How she can do so much better
How he's so much of a better man than you
How she wonders if she would have stayed with him
How she misses him everyday now
How they can see each other without anyone knowing
How she now realizes that she still loved him all along
How she's gonna leave you and return to him...

...get the picture?

You need to put an end to this NOW!


----------



## Locard

No need to speak with an ex at all. That should be why they are an ex. Blow this up now.


----------



## Entropy3000

F-102 said:


> Right now, the conversations are about football.
> 
> Soon, they will morph into:
> 
> Their jobs
> Their families
> Their lives since they parted
> Their significant others since they parted
> How much they missed each other
> Fun things they did together
> Your job
> How your job keeps you away
> How lonely she is when you're away
> How her football conversations make her happy
> How he makes her feel good about herself
> How she feels like a young woman again
> How she can't wait to talk to him again
> How you're not always "perfect"
> How you're the biggest jerk on the planet
> How on earth she could have fallen for a jerk like you
> How you don't deserve her
> How she can do so much better
> How he's so much of a better man than you
> How she wonders if she would have stayed with him
> How she misses him everyday now
> How they can see each other without anyone knowing
> How she now realizes that she still loved him all along
> How she's gonna leave you and return to him...
> 
> ...get the picture?
> 
> You need to put an end to this NOW!


:iagree::iagree::iagree:

The football is just an excuse. The way a man seduces a married woman is to befriend her. Then it goes as this post suggests. But even the football is doing nothing but making her think about him. This has nothing to do with football. It has everything to do with extramarital shinnanigans. She may not be looking for an affair. He is. Count on it. But she is looking for him to meet some of her needs.


----------



## Jellybeans

Entropy3000 said:


> This has nothing to do with football. It has everything to do with extramarital shinnanigans.
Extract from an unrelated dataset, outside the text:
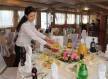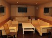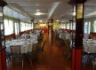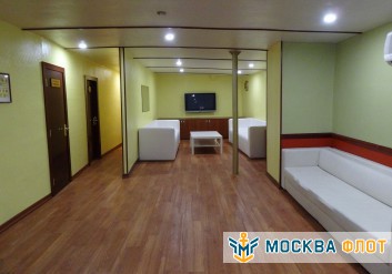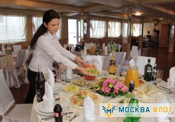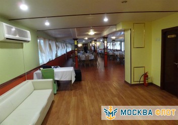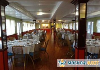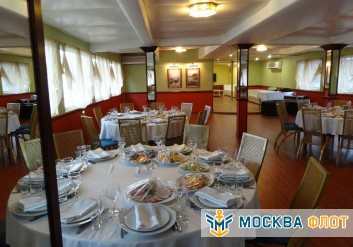 Банкетный зал размещен на главной палубе теплохода. Отделка помещения выполнена с использованием натурального светлого дерева. Практичная и красивая мебель в зале будет расставлена в необходимом вашему мероприятию формате: европейском, буквами «П» или «Т», «театром». Основной цвет помещения - утонченно-спокойный айвори - позволит декорировать, добавлять оттенки в соответствии с вашими предпочтениями. Ресторан обслуживает кухня теплохода с ассортиментом популярных и изысканных блюд. Для приятных бесед и релаксации на палубе устроена лаунж-зона в восточном стиле, укомплектованная мягкими диванчиками, укрытыми парчей, навесным телевизионным экраном с DVD-проигрывателем и разнообразными кальянами.

Unintentionally funny. :rofl:


----------



## RoseRed

F-102 said:


> Right now, the conversations are about football.
> 
> Soon, they will morph into:
> 
> Their jobs
> Their families
> Their lives since they parted
> Their significant others since they parted
> How much they missed each other
> Fun things they did together
> Your job
> How your job keeps you away
> How lonely she is when you're away
> How her football conversations make her happy
> How he makes her feel good about herself
> How she feels like a young woman again
> How she can't wait to talk to him again
> How you're not always "perfect"
> How you're the biggest jerk on the planet
> How on earth she could have fallen for a jerk like you
> How you don't deserve her
> How she can do so much better
> How he's so much of a better man than you
> How she wonders if she would have stayed with him
> How she misses him everyday now
> How they can see each other without anyone knowing
> How she now realizes that she still loved him all along
> How she's gonna leave you and return to him...
> 
> ...get the picture?
> 
> 
> You need to put an end to this NOW!


Ok... I understand that you are coming from a biased point of view and thats one heck of a list of pre-destined absolutes. 
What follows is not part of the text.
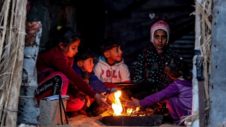 Gazastriben: Børn varmer sig om bål i flygtningelejr

That gives the OP's W absolutely NO credibility for her character.. and a very harsh judgement as you have ABSOLUTELY no knowledge. 

Just because your spouse succombed... doesn't mean they all do...

F-102 if you took that tone and said "you need to put an end to this NOW!"... . my response would be... "back off... you are being a bully!! You have NO right to boss me around!" 

OP.. you know your W the best.. and how to approach her...

best wishes...


----------



## Entropy3000

Jellybeans said:


> Unintentionally funny. :rofl:


Tomfoolery?


----------



## Acorn

RoseRed said:


> Ok... I understand that you are coming from a biased point of view and thats one heck of a list of pre-destined absolutes.
> 
> That gives the OP's W absolutely NO credibility for her character.. and a very harsh judgement as you have ABSOLUTELY no knowledge.
> 
> Just because your spouse succombed... doesn't mean they all do...
> 
> F-102 if you took that tone and said "you need to put an end to this NOW!"... . my response would be... "back off... you are being a bully!! You have NO right to boss me around!"
> 
> OP.. you know your W the best.. and how to approach her...
> 
> best wishes...


So what happens if OP puts faith in his wife and she lets him down? OP will feel like an idiot for not stepping up and proactively trying to prevent the marriage from failing.


----------



## LovesHerMan

I agree. People come here for advice because they have a gut feeling that something is wrong. I always say listen to your intuition.


----------



## Lon

RoseRed, I generally take the same moral stance with you on every comment you make here, except when it comes to infidelity. What Entropy and other commenters here are talking about has nothing to do with bias or attacking the credibility of spouses, it entirely has to do with dealing with the gut reaction that all too often turns out to be correct.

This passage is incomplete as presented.